Леди Лайл не может найти себе прислугу, настолько она требовательна. Однако старый Лайл ее любит – свою самовлюбленную и властную молодую жену.


Одиннадцатый час. В Вестминстере ждут епископы, члены королевского совета, приближенные джентльмены, мэр, олдермены, старшие члены гильдий. Кристоф, подавая ему джеркин, напоминает:

– Там с вами будет епископ Гардинер. Уж сегодня он потешит душу, ведь бедного Ламберта же точно сожгут? Как можно отрицать крещение? До того как святого Христофора крестили, он был людоедом с песьей головой и звался Страхолюд. После крещения он стал человеком и смог молиться, а до того умел только лаять.

Он говорит:

– Знаю, что Кристоф не настоящее твое имя. У тебя было другое. Фабрис, да?

– Кристоф было мое имя в Кале. На Кокуэлл-стрит. До Фабриса, еще совсем маленьким, я был Бенуа. Но не важно, как меня крестили. Я забыл.

Он думает, Ламберта погубит не крещение, а corpus Christi, Тело Христово.


Стивен Гардинер входит стремительно; он замедляет шаг, оба останавливаются, разворачиваются грудью, одновременно снимают шляпы – безукоризненная учтивость. Однако Стивену учтивости хватает лишь на миг.

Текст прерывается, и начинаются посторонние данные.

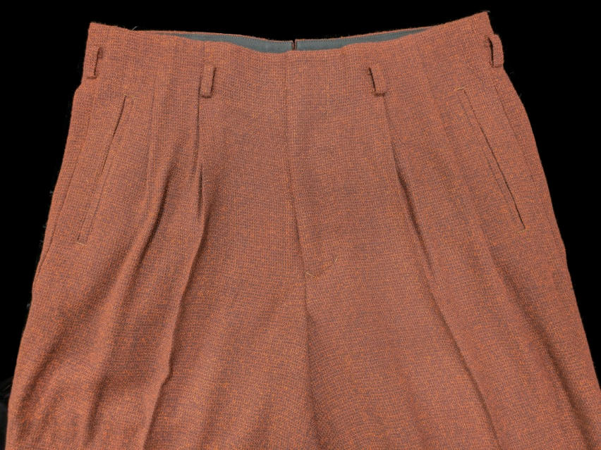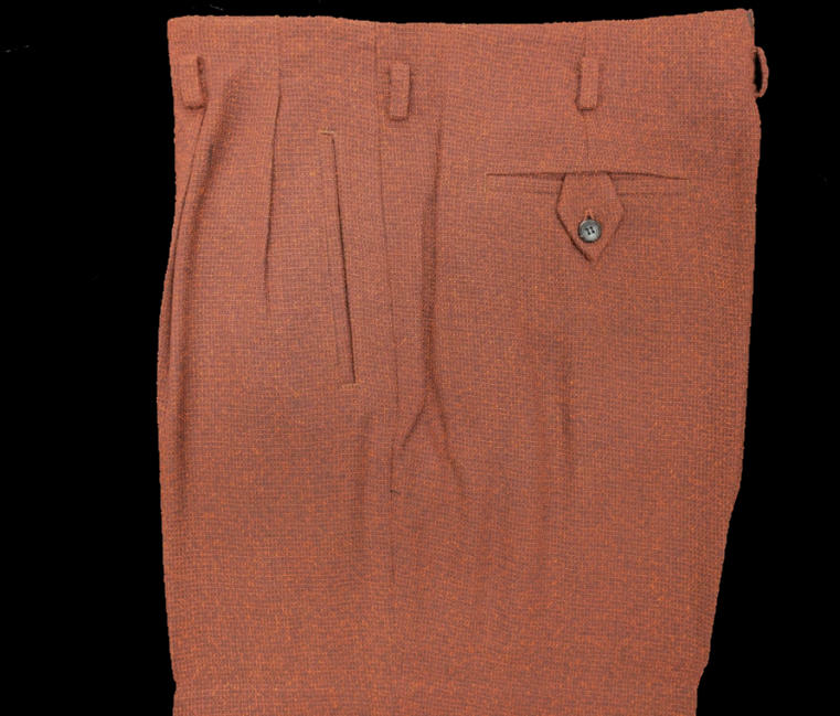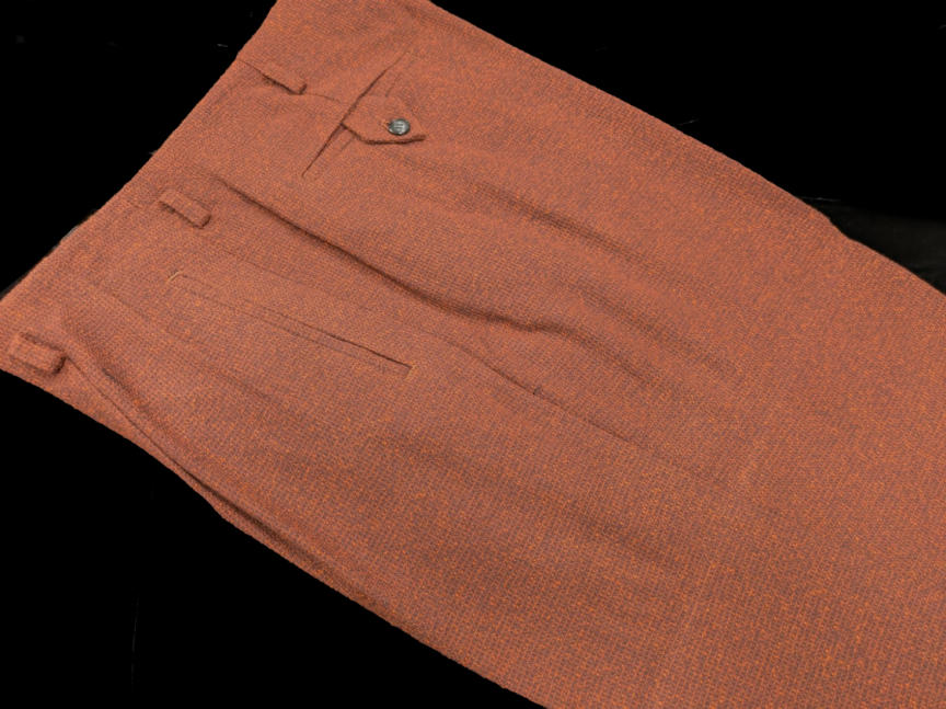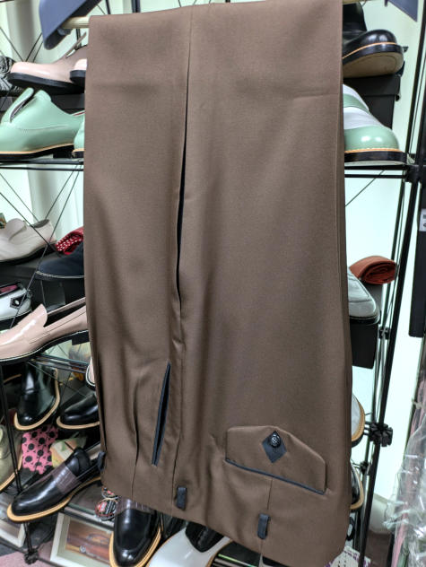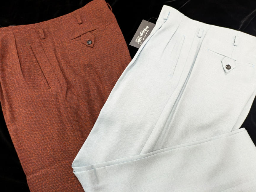 今回の新作はロックンロール・パンツ。このところ「セミ・オーダー・ナッソー」の豪華絢爛たるページばかりチェックしておったが、やはりThe-Kingは特別企画だけでなくお仕事の本道もしっかりと!冬の到来に合わせた厚手のマテリアルの気品を活かしたグッド・クオリティ!写真では綺麗にプレスが効いておるが、仮にプレスが多少弱くてもマテリアル表面の“立ち具合”がノスタルジックな50sワールドへ誘うような魔力があるように見える!またパンツにフィットするナッソー・ジャケット、イタリアンカラー・シャツ、ロックンロール・シューズも瞼の裏側に浮かび上がってくる。このロックンロール・イマジネーションが雑念なくナチュラルに広がるのもThe-Kingアイテムの魅力じゃ。まさに「“逆”自己免疫疾患」的効果じゃ!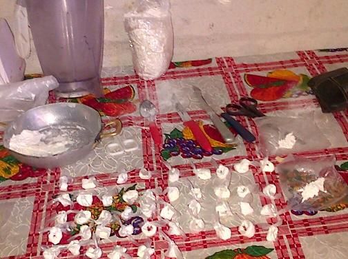 Tras varios meses de investigación los uniformados allanaron la casa y lograron secuestrar 300 gr. de Cocaína, 45 envoltorios de nylon (bochitas) que se encontraban listas para su comercialización. También se encontró en el lugar, material de "corte” tales como utensilios de cocina, una licuadora, recortes de nylon y $2.000 en billetes de baja denominación.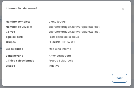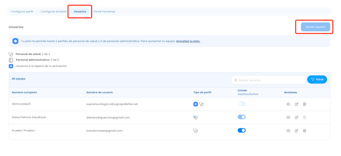 - Estado: Con este botón podrás activar o inactivar un usuario. Recuerda que al inactivarlo, este no podrá acceder a la plataforma de Saludtools. La información anteriormente registrada y creada por este usuario, no se modificará o eliminará del sistema.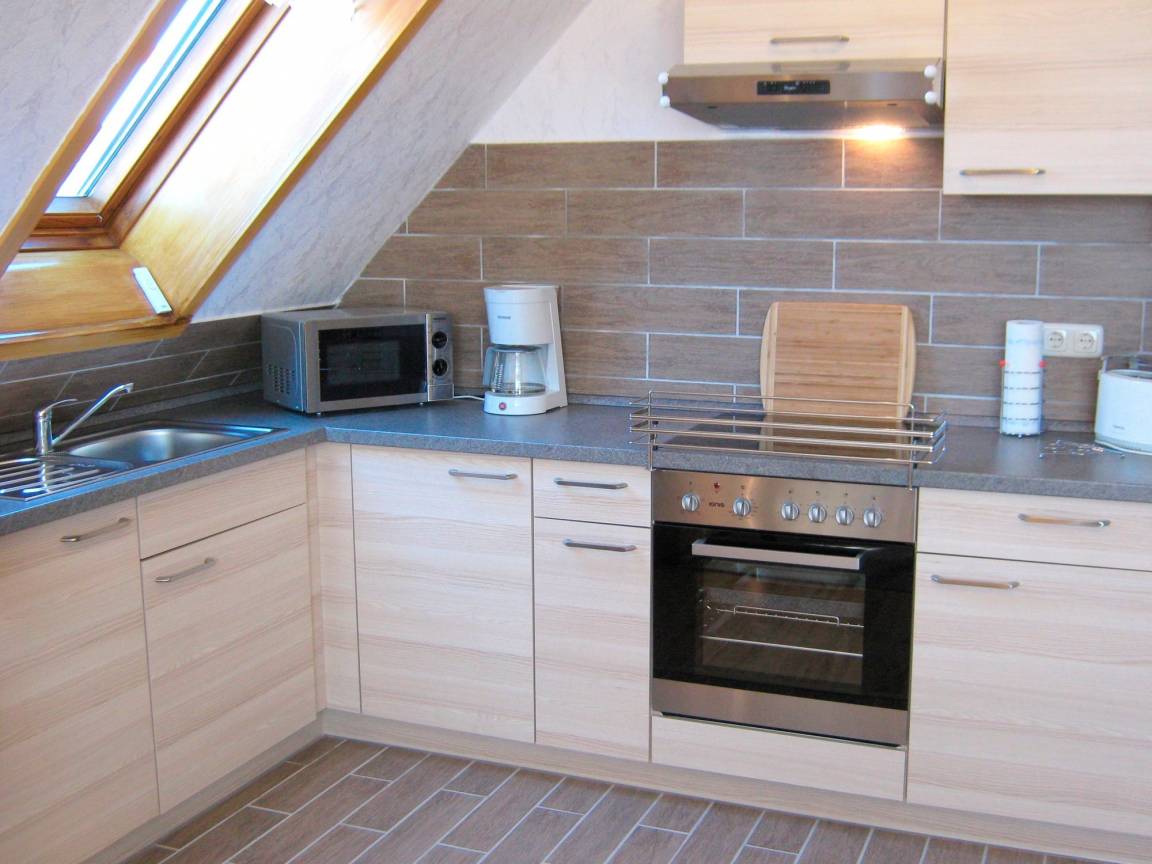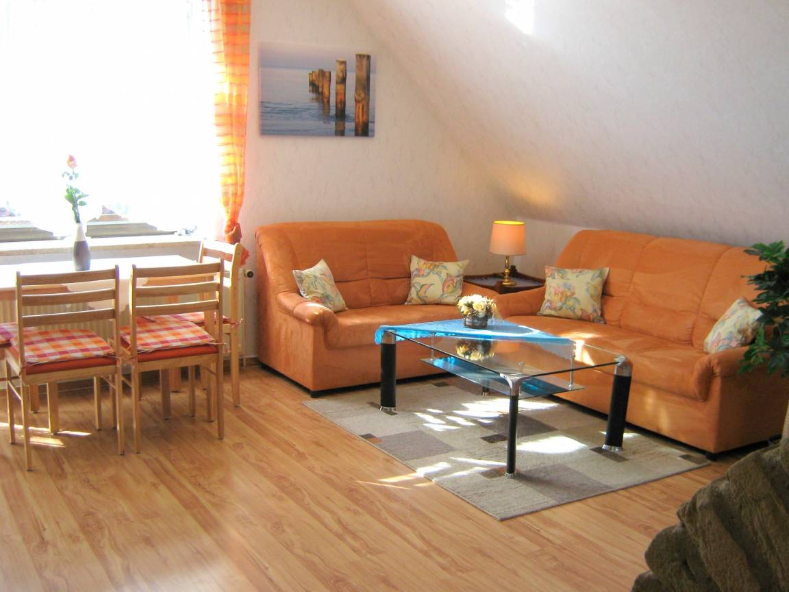 Die Wohnung Nr. 1 "Haus am Meer" im ersten Stock ist 57 m² groß und bietet Platz für bis zu vier Personen. Die gemütliche Sitzecke im Wohn- Esszimmer lädt zum Verweilen ein, während die Küchenzeile mit allen wichtigen Geräten wie 4-Platten-Herd, Backofen, Kühlschrank mit Gefrierfach, Mikrowelle und Kaffeemaschine ausgestattet ist. Das Sofa kann als zusätzliches Bett genutzt werden.
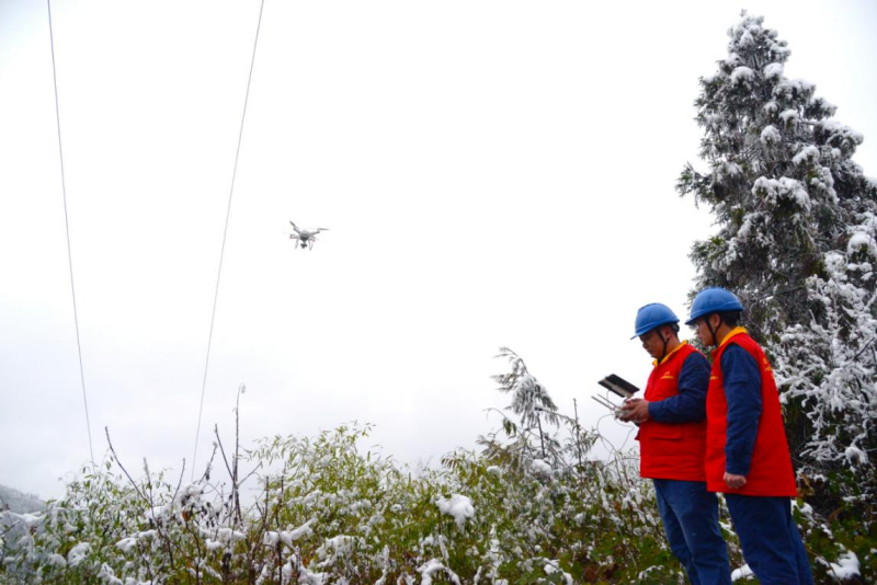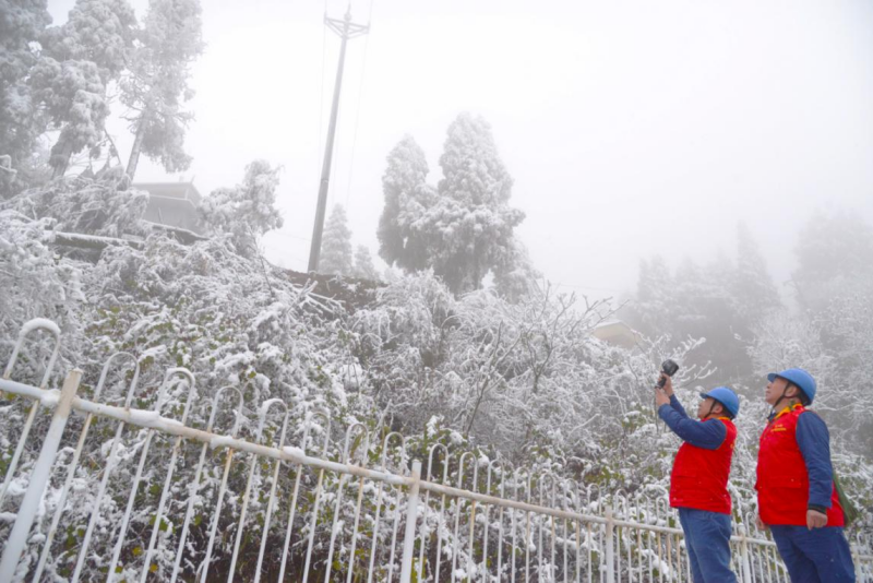 巡检过程中,队员们利用望远镜、红外测温仪等设备冒雪对线路通道、导线覆雪覆冰、接点温度、线路拉线、接地装置等进行了细致检查,做到设备缺陷“早发现、早上报、早治理”。同时队员们还采取“人巡+机巡”的巡检方式,对山区电力设施进行巡视和监测,排查线路杆塔积雪、覆冰、树障等情况,全力确保低温冰雪天气下线路设备安全稳定运行,有效预防雨雪天气电网设备事故发生。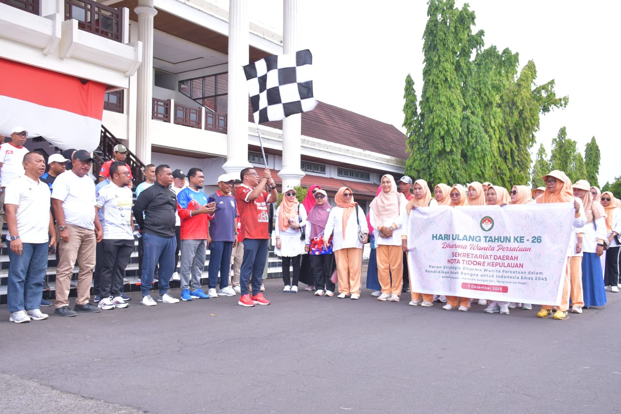 Jalan santai yang mengambil titik start di halaman Kantor Wali Kota Tidore dan finish di Open Space ini dilepas secara resmi oleh Sekretaris Daerah Kota Tidore Kepulauan H. Ismail Dukomalamo didampingi pimpinan OPD di lingkup Pemerintah Kota Tidore Kepulauan dan diikuti Ketua DWP Kota Tidore Kepulauan Hj Nuraen Ismail Dukomalamo, Ketua IV Tim Penggerak PKK Kota Tidore Kepulauan Verawati Abdurrahman Arsyad, Anggota Tim PKK Kota Tidore Kepulauan serta seluruh Pengurus dan anggota DWP Kota Tidore Kepulauan.

– Не знаю, что вы тут творили в мое отсутствие, – говорит Стивен. – Не понимаю, почему вы терпели анабаптиста. Если вы не сам такой.

В воображении он сбрасывает джеркин, закатывает рукава и бьет Стивена в нос. Какая досада! Стивена не было три года, а желание двинуть ему в морду ничуть не ослабело.

– Да неужто похож? – говорит он. – Те, кого вы называете анабаптистами, не присягают. Не служат королям. Не трудятся на общее благо, не подчиняются магистратам, а главное, не дают детям книг. Они любят невежество. Считают, что мы живем в последние времена, так зачем чему-нибудь учиться? Зачем сеять и жать? Урожай не понадобится.

– Что же, – замечает Гардинер, – разумно, если верить, что Христос придет скоро. Я в это не верю, но полагал, что, возможно, верите вы.

– Вам известно, что я не имею ничего общего с этой сектой.

– Быть может, и не имеете. – Стивен улыбается. – Во всяком случае, вы, очевидно, думаете о завтрашнем дне. Собираете себе сокровище на земле, не так ли? Собственно, вы почти ничем больше не занимаетесь.

– Теперь вы вернулись в Англию и увидите, чем я занимаюсь.


В полдень под звуки труб выходит король. День пасмурный, но Генрих в белом с головы до ног, похож на сказочную ледяную гору.

Король садится на помосте под балдахином. Ярусы скамей заполнены зрителями. Духовенство сидит по правую руку от короля, дворянство – по левую. Залу богато украсили флагами и штандартами, принесли из гардеробной шпалеры, так что теперь на собравшихся смотрят библейские фигуры: Даниил, Иов, Соломон без царицы Савской.

Он, викарий короля по делам церкви, садится. Епископ Тунстолл вежливо ему кивает. Епископ Стоксли обжигает его взглядом. Барнс сидит как истукан. Кранмер как будто съежился. Хью Латимер то вскакивает, то садится, подбегает к одному, к другому, хлопает по плечу, шепчет на ухо, передает записочки.